Carnage
Carnages
France, 2002
De Delphine Gleize
Scénario : Delphine Gleize
Avec : Clovis Cornillac, Jacques Gamblin, Chiara Mastroianni, Lucia Sanchez
Durée : 2h10
Sortie : 01/01/2002
When a bull named Romero dies in the bullring, the life of several people is turned upside down.
Delphine Gleize had a brilliant idea of gathering for a movie a group of very different people all linked by, don’t laugh, a bull. From the modest and uncomfortable young girl to the actress looking for her real-self, from a couple-in-crisis to a man with suicidal tendencies, the young director draws up an often touching, rather accurate, and sometimes funny gallery of figures. Despite being a debut movie one can underline the extreme precision in the directing, always favouring silences over useless noise. The actors are all wonderful, with a particular distinction this said for the hilarious Clovis Cornillac playing a depressed writer.

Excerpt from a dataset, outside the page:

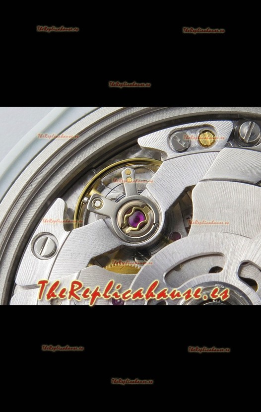 Genuino Movimiento Cal.4130 construido desde cero sin modificaciones, Platos y Rotores chapados en Platino como en el Original. El mismo Movimiento que encuentras en los Relojes Rolex Daytona

The main theme is here the same as in numerous ensemble movies (for example Magnolia but let’s not start comparing the two movies): the relation between parents and children is touched upon sometimes in a rather subtle manner (via the character of Chiara Mastroianni for instance), and sometimes not (the link between the old mother and her son in painful and hackneyed scenes). In fact, the only really wrong thing with Carnage is its length. Gleize, for who it’s her first feature-length movie after a successful career doing shorts, seemed to have had difficulties cutting and trimming her picture. Indeed, the extended ending delays for too long its real conclusion partly ruining the brilliant work done previously. Despite this unfortunate excess Carnage is a really original film, being at the same time genuine and funny. A highly recommended "unidentified filmed object".